▸ Description of the task
Only the pictures should be dropped; copy the rest of the entries exactly.

Dataset items:
—————
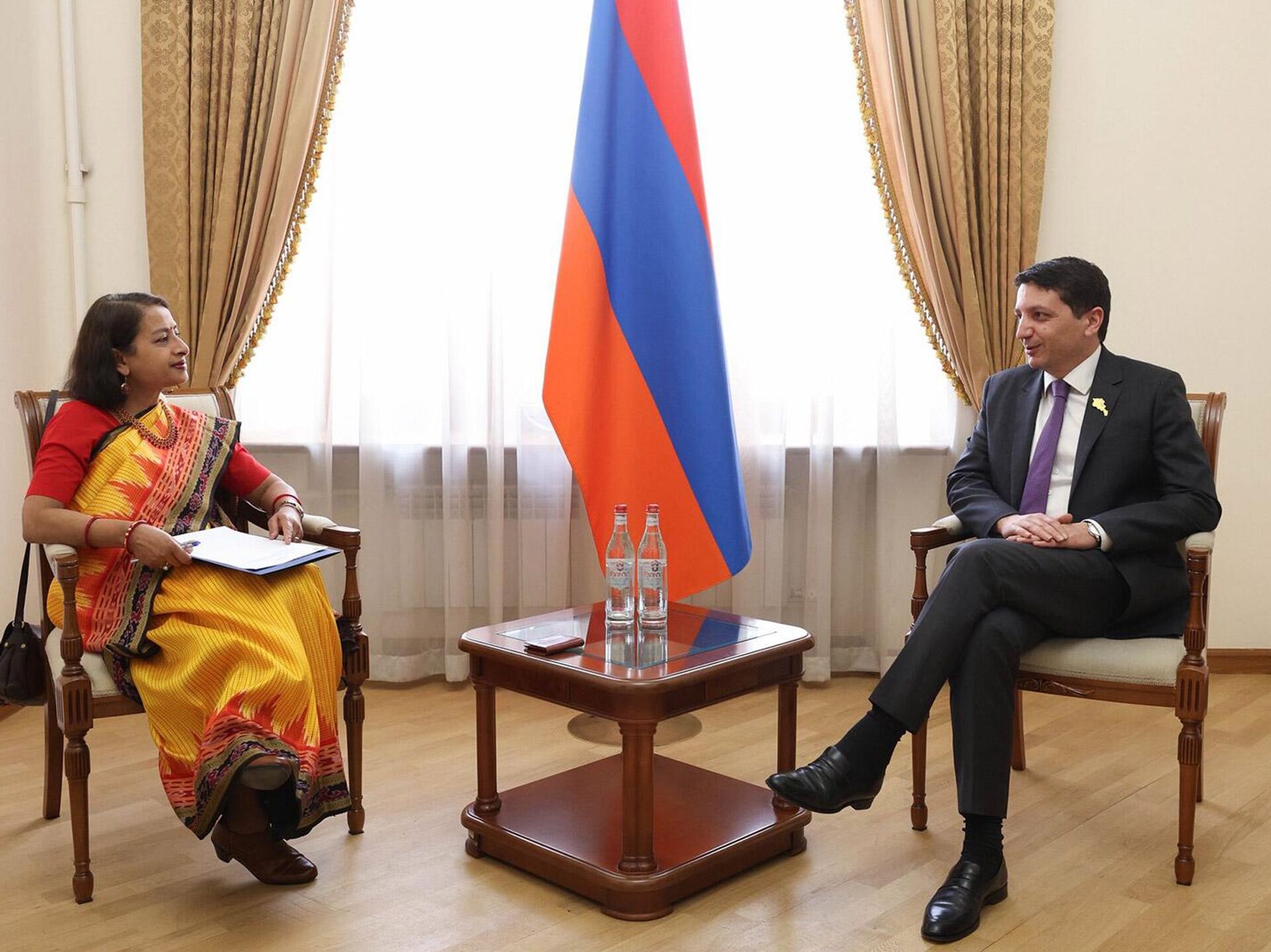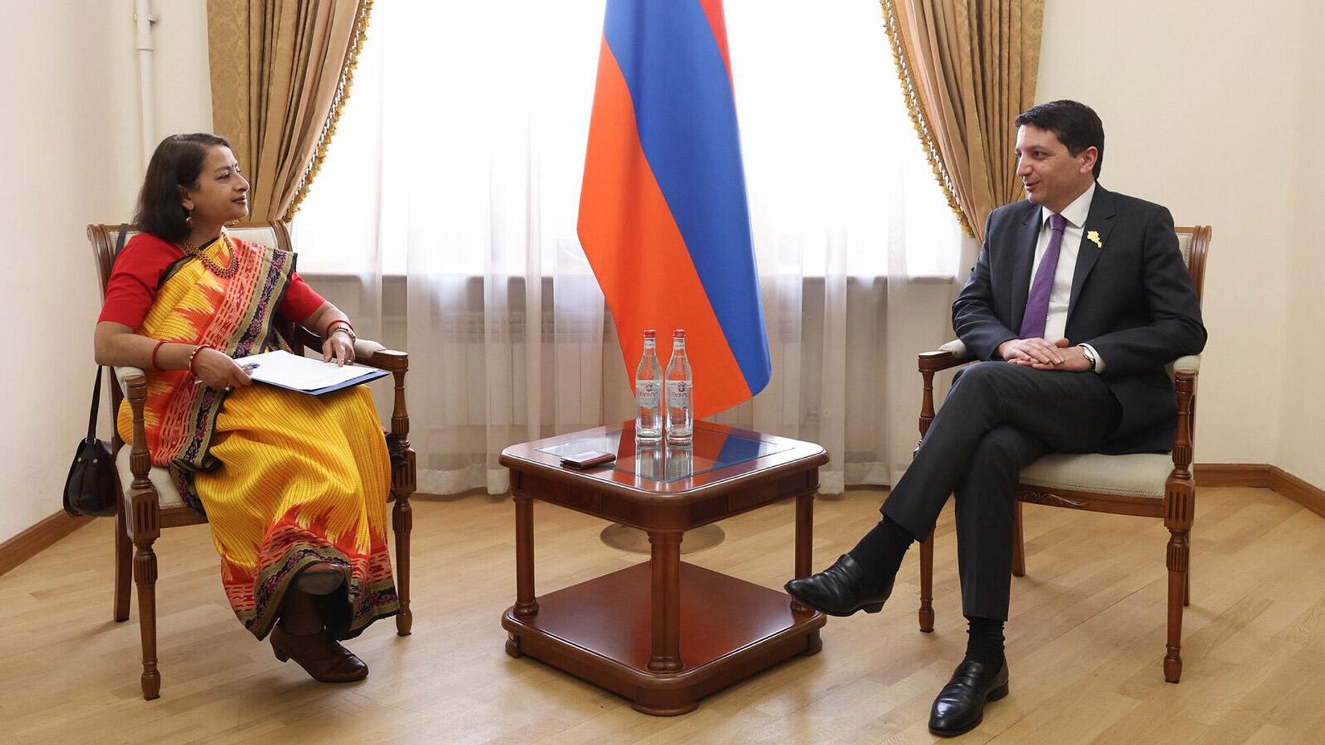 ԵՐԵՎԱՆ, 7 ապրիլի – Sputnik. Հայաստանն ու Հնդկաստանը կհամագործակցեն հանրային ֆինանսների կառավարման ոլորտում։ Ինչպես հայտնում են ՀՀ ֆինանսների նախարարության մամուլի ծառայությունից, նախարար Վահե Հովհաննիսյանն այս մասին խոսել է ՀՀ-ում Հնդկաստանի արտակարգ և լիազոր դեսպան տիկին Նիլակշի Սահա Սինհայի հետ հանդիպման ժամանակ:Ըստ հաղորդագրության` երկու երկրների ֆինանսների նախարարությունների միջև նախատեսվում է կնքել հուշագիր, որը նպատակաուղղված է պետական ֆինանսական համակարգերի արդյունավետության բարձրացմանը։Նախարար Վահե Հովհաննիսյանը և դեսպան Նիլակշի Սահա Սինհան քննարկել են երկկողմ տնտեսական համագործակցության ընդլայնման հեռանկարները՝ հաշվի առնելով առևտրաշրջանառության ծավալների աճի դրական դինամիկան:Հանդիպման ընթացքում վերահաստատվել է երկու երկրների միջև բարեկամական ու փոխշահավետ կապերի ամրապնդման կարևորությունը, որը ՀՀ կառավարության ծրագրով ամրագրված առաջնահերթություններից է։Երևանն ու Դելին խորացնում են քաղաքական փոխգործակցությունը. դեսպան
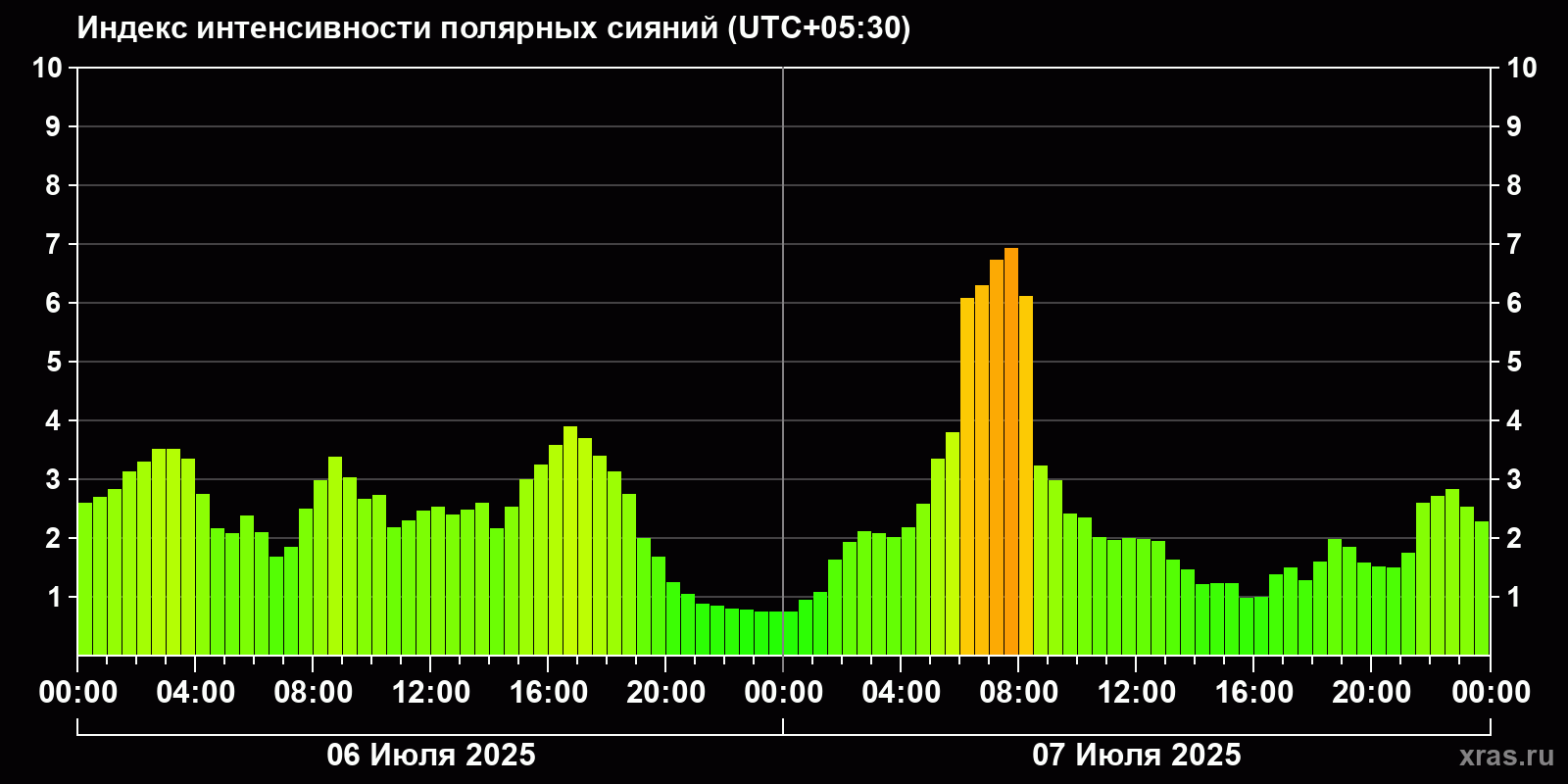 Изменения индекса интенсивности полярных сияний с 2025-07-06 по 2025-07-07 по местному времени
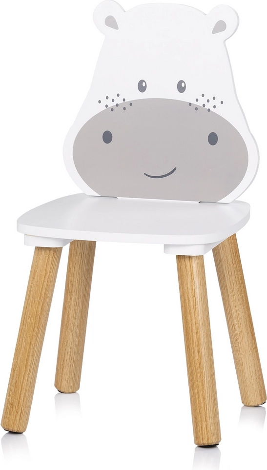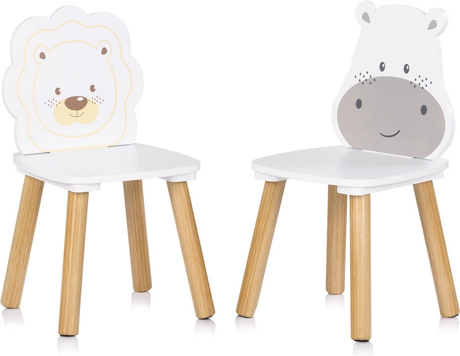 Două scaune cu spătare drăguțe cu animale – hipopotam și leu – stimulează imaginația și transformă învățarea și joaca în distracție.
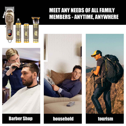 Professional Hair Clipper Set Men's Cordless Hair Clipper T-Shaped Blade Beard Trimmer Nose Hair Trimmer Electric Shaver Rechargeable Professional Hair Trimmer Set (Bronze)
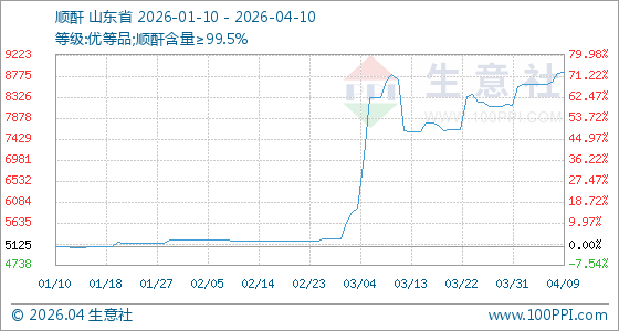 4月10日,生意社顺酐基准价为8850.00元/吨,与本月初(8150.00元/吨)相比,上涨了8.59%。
—————
▸ Response to the exercise
 ԵՐԵՎԱՆ, 7 ապրիլի – Sputnik. Հայաստանն ու Հնդկաստանը կհամագործակցեն հանրային ֆինանսների կառավարման ոլորտում։ Ինչպես հայտնում են ՀՀ ֆինանսների նախարարության մամուլի ծառայությունից, նախարար Վահե Հովհաննիսյանն այս մասին խոսել է ՀՀ-ում Հնդկաստանի արտակարգ և լիազոր դեսպան տիկին Նիլակշի Սահա Սինհայի հետ հանդիպման ժամանակ:Ըստ հաղորդագրության` երկու երկրների ֆինանսների նախարարությունների միջև նախատեսվում է կնքել հուշագիր, որը նպատակաուղղված է պետական ֆինանսական համակարգերի արդյունավետության բարձրացմանը։Նախարար Վահե Հովհաննիսյանը և դեսպան Նիլակշի Սահա Սինհան քննարկել են երկկողմ տնտեսական համագործակցության ընդլայնման հեռանկարները՝ հաշվի առնելով առևտրաշրջանառության ծավալների աճի դրական դինամիկան:Հանդիպման ընթացքում վերահաստատվել է երկու երկրների միջև բարեկամական ու փոխշահավետ կապերի ամրապնդման կարևորությունը, որը ՀՀ կառավարության ծրագրով ամրագրված առաջնահերթություններից է։Երևանն ու Դելին խորացնում են քաղաքական փոխգործակցությունը. դեսպան
 Изменения индекса интенсивности полярных сияний с 2025-07-06 по 2025-07-07 по местному времени
 Două scaune cu spătare drăguțe cu animale – hipopotam și leu – stimulează imaginația și transformă învățarea și joaca în distracție.
 Professional Hair Clipper Set Men's Cordless Hair Clipper T-Shaped Blade Beard Trimmer Nose Hair Trimmer Electric Shaver Rechargeable Professional Hair Trimmer Set (Bronze)
 4月10日,生意社顺酐基准价为8850.00元/吨,与本月初(8150.00元/吨)相比,上涨了8.59%。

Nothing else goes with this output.